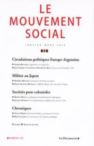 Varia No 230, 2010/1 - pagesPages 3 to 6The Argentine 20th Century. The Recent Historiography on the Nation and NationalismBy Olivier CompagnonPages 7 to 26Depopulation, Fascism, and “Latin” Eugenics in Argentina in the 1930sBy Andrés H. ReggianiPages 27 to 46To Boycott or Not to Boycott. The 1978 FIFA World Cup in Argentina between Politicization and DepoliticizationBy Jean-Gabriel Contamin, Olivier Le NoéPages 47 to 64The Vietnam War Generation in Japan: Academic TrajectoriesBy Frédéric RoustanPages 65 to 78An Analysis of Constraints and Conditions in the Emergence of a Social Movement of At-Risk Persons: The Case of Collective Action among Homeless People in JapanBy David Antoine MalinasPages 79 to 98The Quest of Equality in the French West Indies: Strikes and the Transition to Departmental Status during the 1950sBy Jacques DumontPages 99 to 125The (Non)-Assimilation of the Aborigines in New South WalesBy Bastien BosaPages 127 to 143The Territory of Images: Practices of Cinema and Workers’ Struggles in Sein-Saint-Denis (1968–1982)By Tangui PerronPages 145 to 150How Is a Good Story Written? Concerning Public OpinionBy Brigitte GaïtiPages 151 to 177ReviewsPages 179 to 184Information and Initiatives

----

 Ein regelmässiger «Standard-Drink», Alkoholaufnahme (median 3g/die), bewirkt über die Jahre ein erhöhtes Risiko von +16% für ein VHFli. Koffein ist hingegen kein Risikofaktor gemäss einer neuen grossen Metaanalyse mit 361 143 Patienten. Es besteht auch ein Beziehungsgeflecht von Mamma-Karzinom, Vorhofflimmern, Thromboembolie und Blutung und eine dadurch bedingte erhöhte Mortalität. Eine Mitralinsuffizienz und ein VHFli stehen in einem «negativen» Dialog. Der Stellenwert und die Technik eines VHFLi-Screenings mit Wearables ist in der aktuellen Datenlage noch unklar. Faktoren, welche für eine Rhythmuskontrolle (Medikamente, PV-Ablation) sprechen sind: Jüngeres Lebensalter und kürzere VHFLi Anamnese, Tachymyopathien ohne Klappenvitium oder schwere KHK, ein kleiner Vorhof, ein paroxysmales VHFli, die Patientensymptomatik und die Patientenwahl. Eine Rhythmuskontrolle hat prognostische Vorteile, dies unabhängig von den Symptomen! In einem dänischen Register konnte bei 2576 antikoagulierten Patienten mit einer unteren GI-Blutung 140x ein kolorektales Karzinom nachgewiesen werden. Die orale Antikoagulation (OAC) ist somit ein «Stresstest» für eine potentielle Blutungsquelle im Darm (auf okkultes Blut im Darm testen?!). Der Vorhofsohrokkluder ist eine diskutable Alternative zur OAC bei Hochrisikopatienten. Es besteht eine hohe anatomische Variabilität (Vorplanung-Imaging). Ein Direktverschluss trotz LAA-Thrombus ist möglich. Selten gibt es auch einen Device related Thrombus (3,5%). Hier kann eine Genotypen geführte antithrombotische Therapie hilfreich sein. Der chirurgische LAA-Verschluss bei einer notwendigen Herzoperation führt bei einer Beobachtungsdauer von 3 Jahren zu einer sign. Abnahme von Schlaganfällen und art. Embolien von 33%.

----

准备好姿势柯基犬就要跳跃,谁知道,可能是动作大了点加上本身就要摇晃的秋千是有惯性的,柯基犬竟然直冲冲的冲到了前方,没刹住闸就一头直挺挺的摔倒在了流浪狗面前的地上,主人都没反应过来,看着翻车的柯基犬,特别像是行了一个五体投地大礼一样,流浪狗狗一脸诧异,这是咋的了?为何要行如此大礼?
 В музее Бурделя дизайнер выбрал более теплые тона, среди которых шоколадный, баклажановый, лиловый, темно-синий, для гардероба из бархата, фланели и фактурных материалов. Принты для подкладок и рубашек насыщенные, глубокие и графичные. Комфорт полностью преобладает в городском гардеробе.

----

ASSIGNMENT:
Taking the entries above, write out exactly each line from the one holding "准备好姿势柯基犬就要跳跃,谁" to the one holding "В музее Бурделя", both included, and stop there.

RESULT OF THE EXERCISE:
准备好姿势柯基犬就要跳跃,谁知道,可能是动作大了点加上本身就要摇晃的秋千是有惯性的,柯基犬竟然直冲冲的冲到了前方,没刹住闸就一头直挺挺的摔倒在了流浪狗面前的地上,主人都没反应过来,看着翻车的柯基犬,特别像是行了一个五体投地大礼一样,流浪狗狗一脸诧异,这是咋的了?为何要行如此大礼?
 В музее Бурделя дизайнер выбрал более теплые тона, среди которых шоколадный, баклажановый, лиловый, темно-синий, для гардероба из бархата, фланели и фактурных материалов. Принты для подкладок и рубашек насыщенные, глубокие и графичные. Комфорт полностью преобладает в городском гардеробе.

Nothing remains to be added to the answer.